Thank you I must have hundreds of pics of them.


----------



## adam1120 (Jul 10, 2011)

Is that a varynard b&w? are those most docile tegu out of reds extreme blues b&w? Beauitfil tegus too


----------



## herpgirl2510 (Jul 10, 2011)

No I got him as an adult I don't know where he isfrom but he is a doll. It looks like Tonka had a rough start he has alot of scarring on the top of his head and is missing some nails and a bit of tail, but I think he is perfect.The small one is a 2010 vanyard extreme.


----------



## adam1120 (Jul 10, 2011)

i love the extreme i want to get a blue or extreme next year i cant wait to get my b&w coming from vanryaard i cant wait for a big @ss lizard to be basking in the sunlight as if he was dead lol  they look soo happy great job


----------



## herpgirl2510 (Jul 10, 2011)

For your info these guys are not housed together she has wandering into a basking area for Tonka.


----------



## reptastic (Jul 10, 2011)

Sweeet!!! Very beautiful gu's as always, how big are they now?

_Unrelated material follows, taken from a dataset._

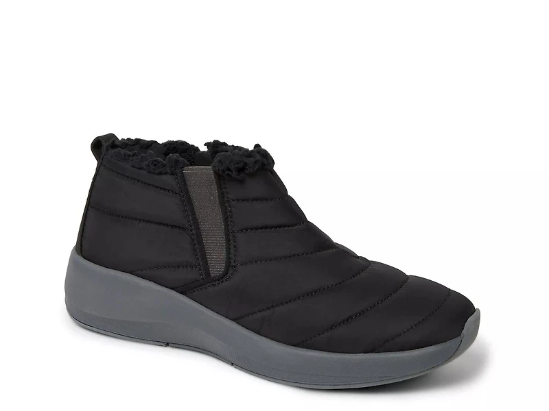 You just can't miss the cuddly look and comfort of this Original Comfort by Dearfoams Dear wedge bootie! Beautiful quilted upper of this slip-on bootie is enhanced with comfortable double gores, cozy insole with added cushion and arch support, and lightweight, durable sole that ensures confident strolls and shock-absorption.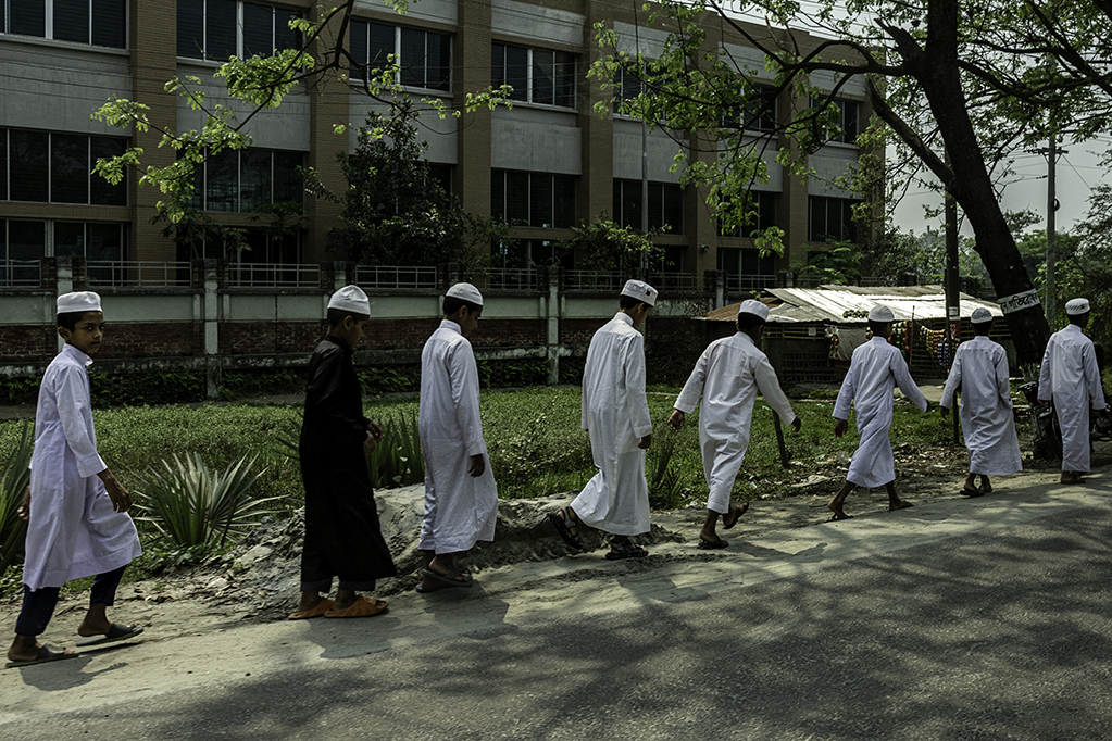 A line of madrasa students walks in silent formation — uniformed, and obedient. They follow their teacher through a familiar path, but their eyes do not wander with curiosity; instead, they lower with the weight of routine. There is no resistance. No divergence. Only the fear of what might happen if they step out of line.

Tonka looks about the same size as storm and rayne, do you see and buttons on chevy yet?


----------



## herpgirl2510 (Jul 10, 2011)

My poor boys feel onkas a few weeks ago. He does pop his jowls but I would be totally fine with a girl. Tonka is about 37" he is missing a few inches of tail. I would guess maybe 7 pounds could be more or less I am not great at guessing weight. His jowls really started coming out in the last week.

^^^ makes no sensse. I cannot feel chevy's at all.


----------



## reptastic (Jul 10, 2011)

I would still say chevy is a male, that tonka is gorgeous, i may need to borrow him in a few years lol :^)


----------



## herpgirl2510 (Jul 10, 2011)

Because he is so cute. I would miss him too much 





His end of the day basking area trying to soak up the last of the sun.


----------



## reptastic (Jul 10, 2011)

Dangnamit lol, he's such a stud, if you ever wanna breed him i got the perfect girl for you lol


----------



## herpgirl2510 (Jul 10, 2011)

I know I don't know whether to get the male extreme or wait and someday get a female.


----------



## reptastic (Jul 10, 2011)

You trying to get a female b/w or extreme I think once i get this second tegu enclosure built im going to start looking for a nice size male b/w(btw rayne is a confirmed lady lol)i dont think i want to breed her to my male giant so im seperating them before hibernation


----------



## herpgirl2510 (Jul 10, 2011)

I am supposed to get a male extreme in a few weeks.

I am trying to sell the $275 I have down so far


----------



## reptastic (Jul 10, 2011)

I know about the extreme lol, i thought perhaps you were saying you might start looking a lady for tonka or chevy lol im 1/2 sleepy idk if that made sense


----------



## herpgirl2510 (Jul 10, 2011)

No I am probably confused. I am thinking about not getting the extreme I have the deposit on and looking for a female for my boys.


----------



## Strange_Evil (Jul 10, 2011)

Cool your tegu's look happy, the sav and tegu pic is my fav though!


----------



## reptastic (Jul 10, 2011)

Ahh ok thats what i thought you meant, im thinking about doing the same, im thinking of getting either a blue or a redXblue female for storm and nice male b/w for rayne, but not any time soon


----------



## KStegukeeper (Jul 10, 2011)

Nice Sav. monitor! I was thinking of getting a Sav. before ordering my b & w tegu from Bobby. Hopefully after my tegu matures I will own one. Are they any more difficult to keep than a tegu. The only reason I ask is because the owner of the pet store that turned me on to tegus indicated that Sav. monitors were much more aggressive than tegus. Just wondering, I have zero experience with lizards.


----------



## tora (Jul 10, 2011)

From what I've seen savs take a bit more work to tame, and are more prone to having 'moments'. I have seen some really chill ones though. What you need to remember is that each lizard has it's own personality, and while you really get out what you put in, sometimes there's not much you can do if they aren't like puppies. As far as difficulty owning one, I wouldn't know.


----------



## herpgirl2510 (Jul 11, 2011)

They are much more difficult to care as far as caging 2 feet substrate 130 degree basking spot, and their diet is very expensive. I went through about 750 large dubia roaches in 10 days she wiped out my whole colony. She has her moments they are more unpredictable as far as moods go. The last few weeks she is very fiesty leaving nice welts on my legs frm her tail. They also have to stay warmer so beingout of the age for a longperiod of time is not good she just slows right don and hides. I had not bee handling her the last few weeks and you can tell.


----------



## herpgirl2510 (Jul 17, 2011)

More pics of my boys





This lasts for about 2 seconds


----------



## reptastic (Jul 17, 2011)

Ahh i see they like to do the stack up too lol


----------



## herpgirl2510 (Jul 18, 2011)

Chevy tries to catch a ride on Tonka all the time he is lucky Tonka is so mellow.


----------